Cientistas teorizam que os tatus-canastra ajudam a evitar que a água invada os murundus, além de influenciar a qualidade do solo e a diversidade vegetal. Suas tocas podem até mesmo funcionar como reservatório para sementes e material orgânico.
No entanto, as tocas não duram para sempre, e parecem tornar-se cada vez menos atraentes à medida que ficam mais velhas.
“Partes do túnel de tocas antigas podem desabar, fazendo que o lugar perca a capacidade de servir como abrigo ou refúgio térmico,” explica Desbiez. “Mas acho que também há outras razões. Em tocas recém-cavadas, pode haver mais oportunidades de forrageamento. Os tamanduás-mirins geralmente são os primeiros animais a visitar uma toca recém-cavada. Nos montes de terra frescos, encontramos várias espécies de invertebrados e até mesmo um pequeno anfíbio, que fica na areia enquanto ela está úmida”.

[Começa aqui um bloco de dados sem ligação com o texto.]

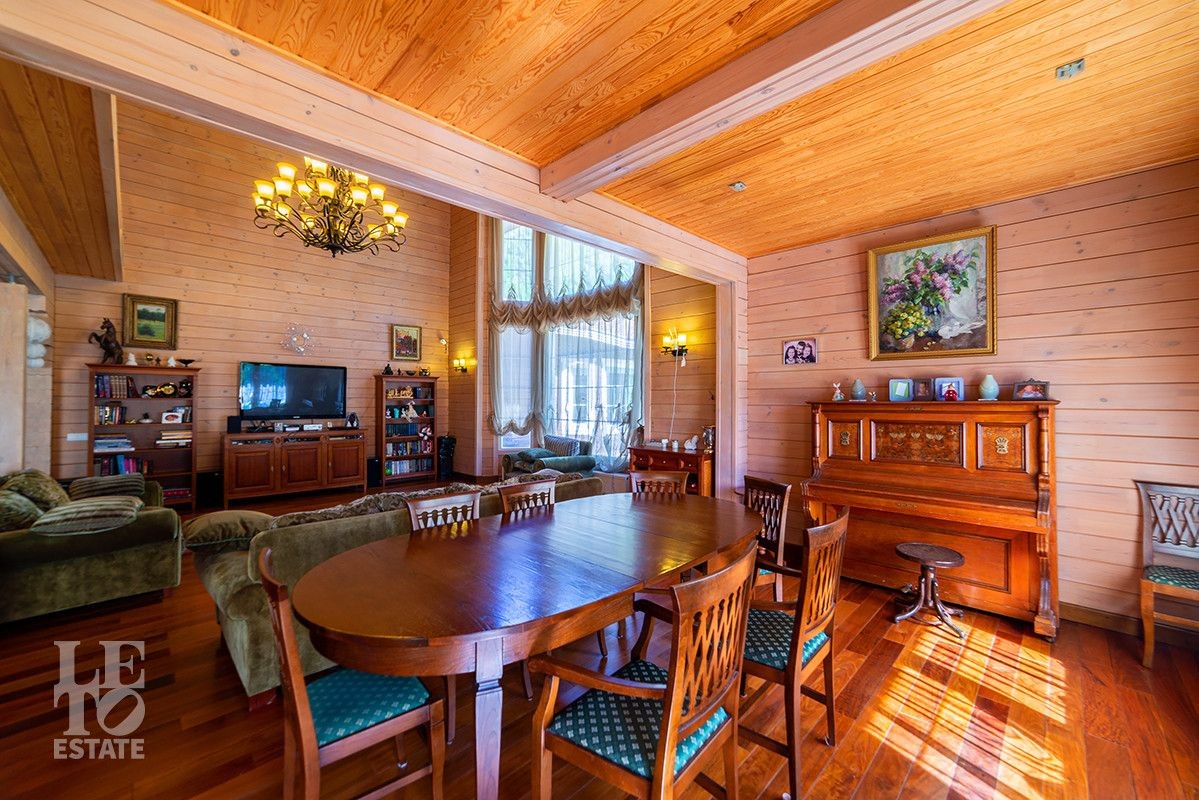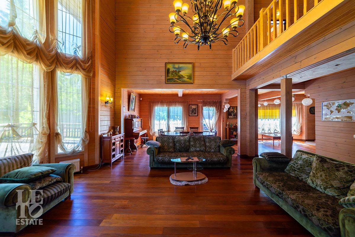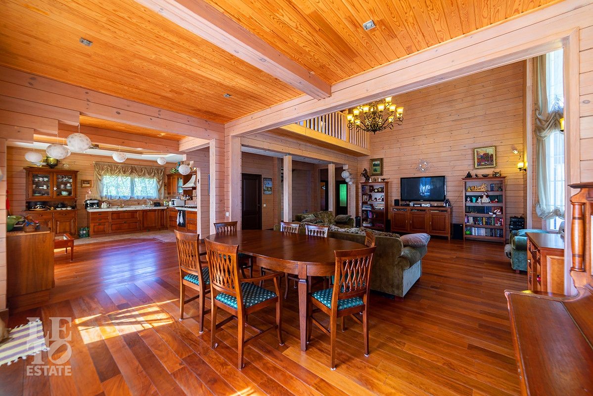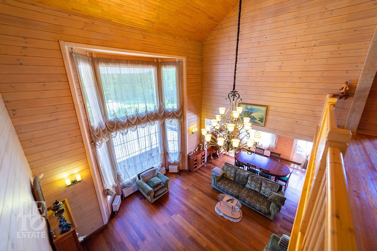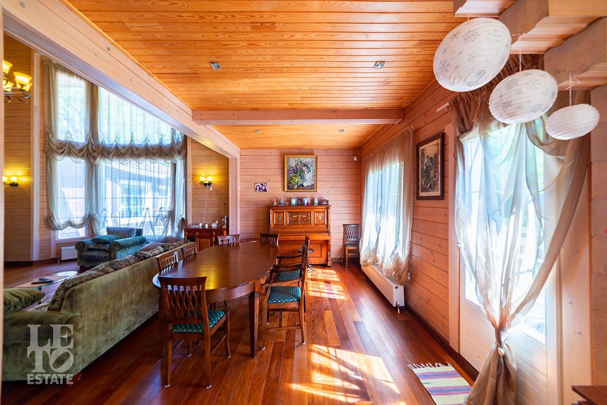 Дом полностью готов для круглогодичного проживания. Центром притяжения дома является просторная гостиная-столовая со вторым светом и панорамными окнами с красивыми видами на благоустроенный внутренний двор и лес.
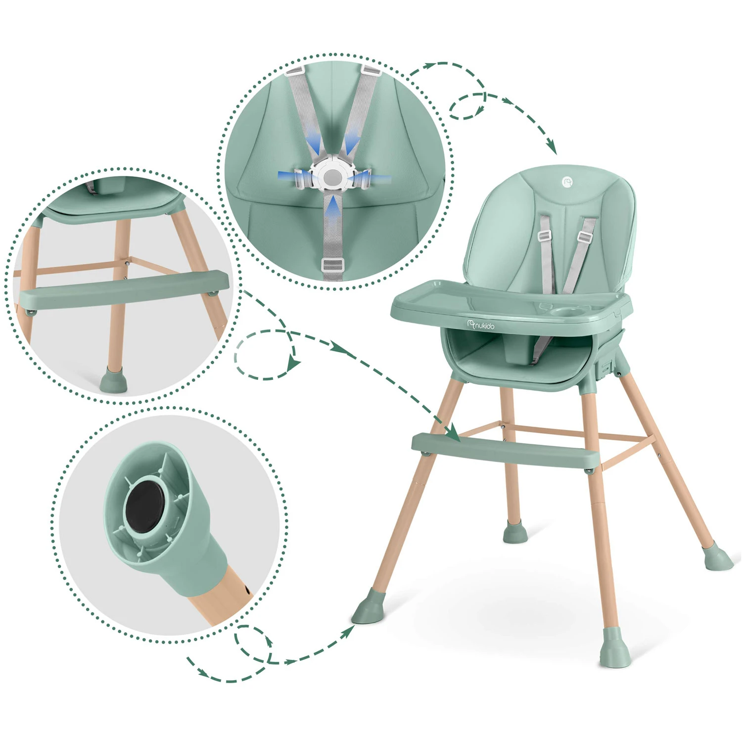 Otroški stolček za hranjenje Nukido – Tilo mint

Tocas de tatus-canastra podem também abrigar visitantes não tão bem-vindos: a temperatura constante — que atrai tantos mamíferos e aves — pode atuar preservando doenças, disseminando-as entre o grande e diverso conjunto de criatutras do Pantanal que por lá aparecem.
“A sombra, a umidade e a temperatura constante podem favorecer a sobrevivência e a proliferação de fungos, bactérias e vírus,” observa Desbiez. Cientistas investigam a ligação entre os tatus-canastra, suas tocas, e doenças.
Uma siriema procurando por comida. Foto: Projeto Tatu-canastra do Pantanal.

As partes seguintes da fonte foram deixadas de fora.